There's a bigger picture here
Sam Levinson has said in interviews that this season is about exploring a larger canvas as a metaphor for moving from the insular, self-centered world of adolescence into the challenges of adulthood. The stakes are higher because parents aren't around as guardrails. Cinematographer Marcell Rév still produces startling, rapturous images, now with a wider aspect ratio and more distinctly Western iconography to make the universe of "Euphoria" feel bigger and more immersive. Hans Zimmer has taken over the music reigns from Labyrinth and given the soundscapes a more epic and cinematic signature — but Labyrinth's distinctive experimentation is sorely missed, once as integral to the show's voice as Levinson's writing.
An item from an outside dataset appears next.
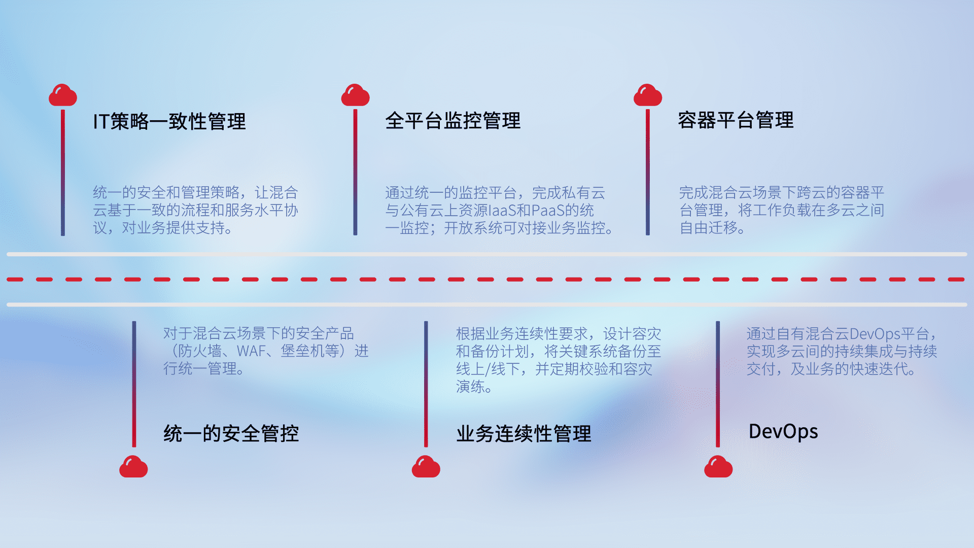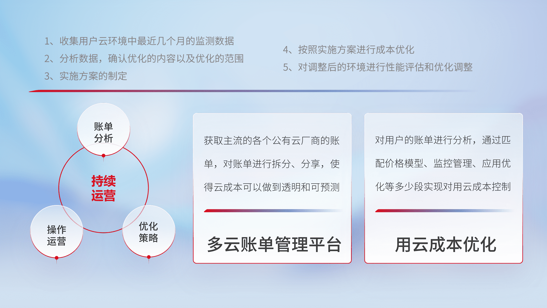 通过多云纳管,,,,以统一的资源数据模型把客户的云资源进行抽象和封装,,,进而实现对多云资源的统一操作,,保障云资源管理的可靠性、、稳定性与可用性。。量身定制化运维内容,,配置、、开发运维、、、补丁管理、、、备份、、、、监控、、、认证和访问管理、、、审计和日常巡检等,,,保障在用云过程中的可靠度,,,稳定度以及高可用率。。。。
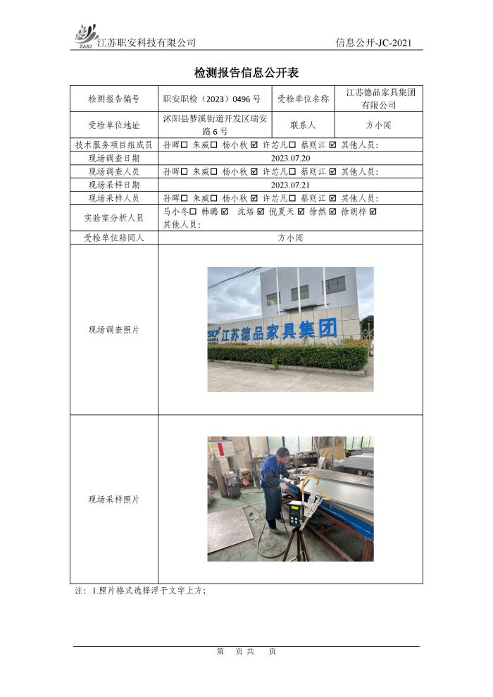 檢測報告公示

Things feel more outsized, to be sure. But there's been such a flattening of the characterization that placing these lesser simulacrums of figures we've grown to love into these new environs only serves to accentuate how much texture and nuance the writing has lost season after season. Sadly, one of the only core elements of the show that hasn't changed is the one that could most freely be excised: Levinson's lecherous, exploitative eye and his tendency to construct narratives for the sole purpose of building an opportunity to luxuriate on the bodies of his stars. At times, the show feels like a Mad Libs filled in to maximize puerile imagery above all else, and within the creative aims of the new episodes, is all the poorer for it.
Season 3 of "Euphoria" is at its best as a pulpy, cartoonish approximation of the way early adulthood is an endless maze of coveting the seemingly enviable lives of your peers, unable to see through the strained charades they perform. The shame-driven facades would crumble under the lightest scrutiny if everyone wasn't already so concerned with keeping up their own self-deceptions. But where the show used to seem too mature and provocative for a soap opera about teenagers, it now feels much too childish for a crime drama about adults. Time will tell if Levinson is able to strike a better balance with the remaining episodes, but from what we've seen so far, it doesn't feel particularly likely.
"Euphoria" Season 3 premieres on HBO on April 12, with one episode dropping every Sunday.